Young's early roles include the independent romance Jane Austen in Manhattan (1980) and the comedy feature Stripes (1981), the latter being a commercial success. Her breakthrough role was that of Rachael in the sci-fi Blade Runner (1982), which emerged as a significant work in popular culture; she reprised the role for Blade Runner's acclaimed sequel Blade Runner 2049 (2017). She originated the character of Chani in the sci-fi Dune (1984), led the neo-noir No Way Out (1987), played Kate in Wall Street (1987), and had starring roles in the comedies Fatal Instinct (1993) and Ace Ventura: Pet Detective (1994).

Early life
Young was born in Louisville, Kentucky, the daughter of Donald Young, Jr., a television producer and journalist, and Lee Guthrie (born Mary Lee Kane), a screenwriter, public relations executive, and journalist Young attended Cleveland Heights High School in Cleveland Heights, Ohio, but did not graduate. This was followed by the Interlochen Arts Academy in Interlochen, Michigan. She also attended the School of American Ballet in New York City. Before becoming an actress, Young worked as a model and ballet dancer.

Career

Young began her film career in Jane Austen in Manhattan (1980), followed by a role in the film Stripes (1981). She then played the female lead, Rachael, alongside Harrison Ford in the classic science fiction film Blade Runner (1982). On television, Young played the female lead opposite Lenny Von Dohlen in Under the Biltmore Clock (1986), based on F. Scott Fitzgerald's story Myra Meets His Family. The following year, she had a small role in the film Wall Street (1987) as the wife of Michael Douglas's character, Gordon Gekko. Her role was originally intended to be larger, but was significantly reduced due to clashes with Oliver Stone.

One of Young's most prominent roles was as the lover of a ruthless Washington politician (Gene Hackman) in No Way Out (also 1987), alongside Kevin Costner. Her other credits include Dune (1984) (playing Paul Atreides's love interest Chani), Baby: Secret of the Lost Legend (1985) and Fatal Instinct (1993). Young appeared in The Boost (1988), with James Woods. She was next cast as Vicki Vale in Tim Burton's film Batman (1989), but during rehearsals, she broke her arm after falling off a horse and was replaced by Kim Basinger.

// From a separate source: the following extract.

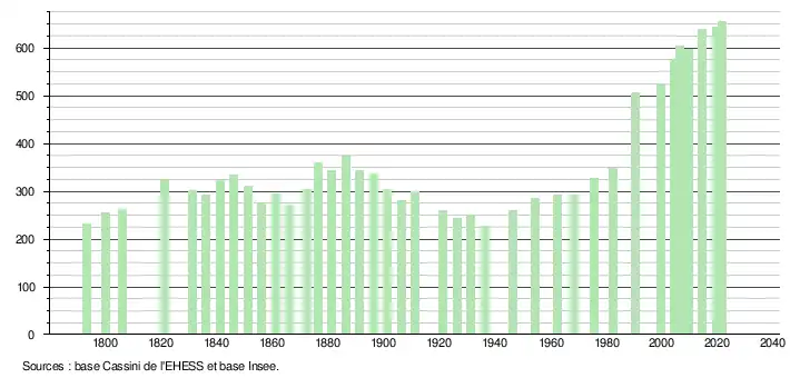L'évolution du nombre d'habitants est connue à travers les recensements de la population effectués dans la commune depuis 1793. Pour les communes de moins de 10 000 habitants, une enquête de recensement portant sur toute la population est réalisée tous les cinq ans, les populations légales des années intermédiaires étant quant à elles estimées par interpolation ou extrapolation[17]. Pour la commune, le premier recensement exhaustif entrant dans le cadre du nouveau dispositif a été réalisé en 2004[18].

In an unsuccessful attempt to win the role of Catwoman (which was originally offered to Annette Bening but, after Bening became pregnant, Michelle Pfeiffer was cast) in the sequel Batman Returns (1992), Young constructed a homemade Catwoman costume and attempted to contact Burton and actor Michael Keaton during production. She appeared on The Joan Rivers Show in character as the Catwoman, campaigning for the role and making a plea to Tim Burton.

Young was cast as Tess Trueheart in the movie Dick Tracy (1990). However, she was dismissed in favor of Glenne Headly for not appearing maternal in the role. Young later said her dismissal was punishment for her having rebuffed Warren Beatty's advances, a statement Beatty denies. In 1991, she was awarded the Worst Actress and the Worst Supporting Actress Razzies for her roles in A Kiss Before Dying. She played a supporting role in the comedy Ace Ventura: Pet Detective (1994). She also played Helen Hyde in the comedy Dr. Jekyll and Ms. Hyde (1995).

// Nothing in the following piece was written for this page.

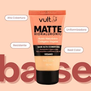 Vult Base Alta Cobertura Vegano Matte Hidraluronic V150 26ml A Base Alta Cobertura Vegano Matte Hidraluronic V150 da Vult é ideal para quem busca uma pele uniforme e sequinha ao longo do dia. Com uma fórmula enriquecida com Ácido Hialurônico e Colágeno Vegetal, essa base oferece alta cobertura e um acabamento fosco impecável, ao mesmo tempo em que hidrata e cuida da pele. O resultado é uma pele bonita e aveludada, sem brilho excessivo. Indicada para quem prefere produtos veganos, a Base Matte Hidraluronic proporciona uma aparência natural e duradoura, deixando a pele com um acabamento suave e uniforme o dia todo. A combinação de Ácido Hialurônico e Colágeno Vegetal também ajuda a melhorar a elasticidade da pele, proporcionando um cuidado extra enquanto disfarça imperfeições. Modo de uso: Aplique a base no rosto e pescoço com a ponta dos dedos ou utilize um pincel para um efeito mais intenso e uma cobertura ainda mais precisa. Marca: Não Informado

During most of the 1990s, she resided in Sedona, Arizona, and her career cooled. Young reprised her role as Rachael in the Blade Runner video game released in 1997.  Young has appeared in independent films, including roles in Poor White Trash (2000), Mockingbird Don't Sing (2001), and Sugar & Spice (also 2001). She spent four months in Russia filming the miniseries Yesenin (2005), in which she portrayed the dancer Isadora Duncan. 

In 2008, Young competed in the television program Gone Country 2, which included a competition in a celebrity demolition derby at the Henry County Fairgrounds in Paris, Tennessee. Young went on to win the celebrity derby heat and then went on to compete against 21 professional demolition derby drivers. Young finished in fourth place. Young appeared on The Young and the Restless in June 2010 as Canadian barmaid Meggie McClain, alongside good friend Eric Braeden. She returned to the show on July 14 in a recurring role, which lasted through February 2011.

In 2010, she was cast on the first season of the ABC series Skating with the Stars as a celebrity contestant who skated with professional skater Denis Petukhov, but she was the first celebrity to be eliminated.

In October 2011, Young appeared on Late Show with David Letterman. During the interview, she described how she was now looking for movie work after raising her two sons, and produced a short video clip promoting her job search which Letterman played. She was subsequently cast in a film about Nikola Tesla, slated for release in 2013, titled Fragments From Olympus: The Vision of Nikola Tesla (unreleased as of April 2021).

In October 2013, Young played the role of Dr. Lucien in Star Trek: Renegades, a fan project to create a pilot for a new Star Trek series (released in August 2015) where several former Star Trek actors appeared, including  Tim Russ (who also directed the pilot) as well as Walter Koenig, Garrett Wang and J. G. Hertzler. In June 2013, Young performed in a benefit skating event at the Ice Theater of New York, competing in a Celebrity Skating competition against YouTube personality Michael Buckley, and US Olympic Fencing silver medalist Tim Morehouse.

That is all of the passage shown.